* [DATA EXTRACT]
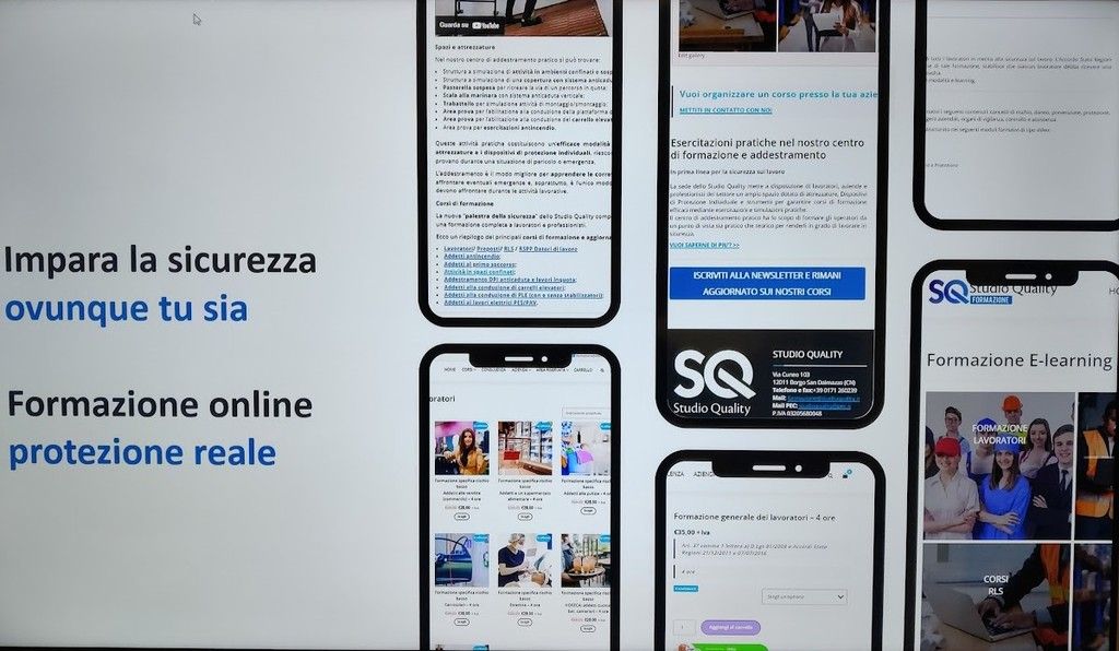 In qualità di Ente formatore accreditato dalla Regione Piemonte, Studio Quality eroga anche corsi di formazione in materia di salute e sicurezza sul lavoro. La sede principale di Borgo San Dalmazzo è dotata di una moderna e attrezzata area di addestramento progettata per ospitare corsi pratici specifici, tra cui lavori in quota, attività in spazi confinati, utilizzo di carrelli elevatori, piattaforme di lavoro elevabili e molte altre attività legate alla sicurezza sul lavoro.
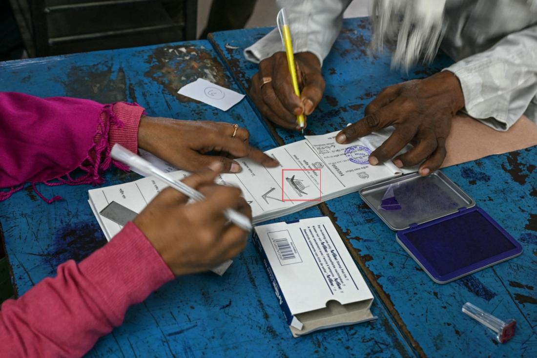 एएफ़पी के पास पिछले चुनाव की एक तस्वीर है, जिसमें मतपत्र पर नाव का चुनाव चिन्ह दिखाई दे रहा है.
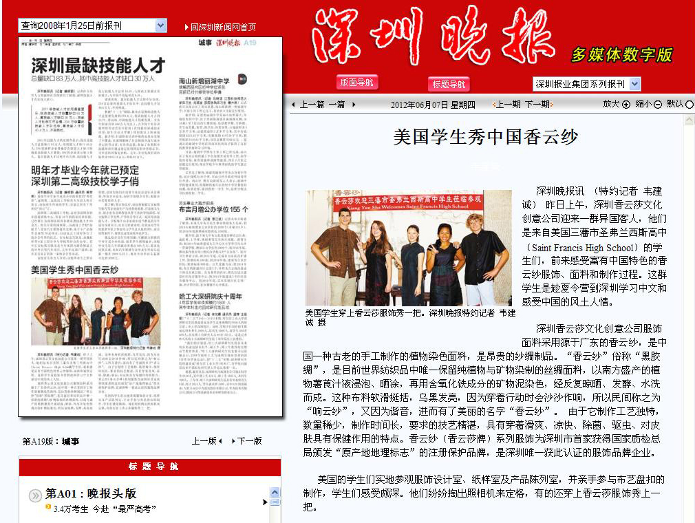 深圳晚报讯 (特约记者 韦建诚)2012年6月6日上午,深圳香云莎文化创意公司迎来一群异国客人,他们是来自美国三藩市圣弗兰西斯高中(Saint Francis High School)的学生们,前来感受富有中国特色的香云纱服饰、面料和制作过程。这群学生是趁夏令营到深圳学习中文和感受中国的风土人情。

--

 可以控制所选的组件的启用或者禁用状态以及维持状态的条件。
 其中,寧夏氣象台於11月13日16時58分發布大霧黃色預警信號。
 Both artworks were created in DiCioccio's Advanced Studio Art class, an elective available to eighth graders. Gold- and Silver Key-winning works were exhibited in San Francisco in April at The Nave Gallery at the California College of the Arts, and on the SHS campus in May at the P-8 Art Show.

* [EXERCISE]
From the entries above, restate word for word the lines from the line containing "其中,寧夏氣象台於11月13日16時58分發布大霧黃色預警信號。" to the line containing "Both artworks were", both ends included, and nothing more.

* [SOLUTION FOR THIS TASK]
 其中,寧夏氣象台於11月13日16時58分發布大霧黃色預警信號。
 Both artworks were created in DiCioccio's Advanced Studio Art class, an elective available to eighth graders. Gold- and Silver Key-winning works were exhibited in San Francisco in April at The Nave Gallery at the California College of the Arts, and on the SHS campus in May at the P-8 Art Show.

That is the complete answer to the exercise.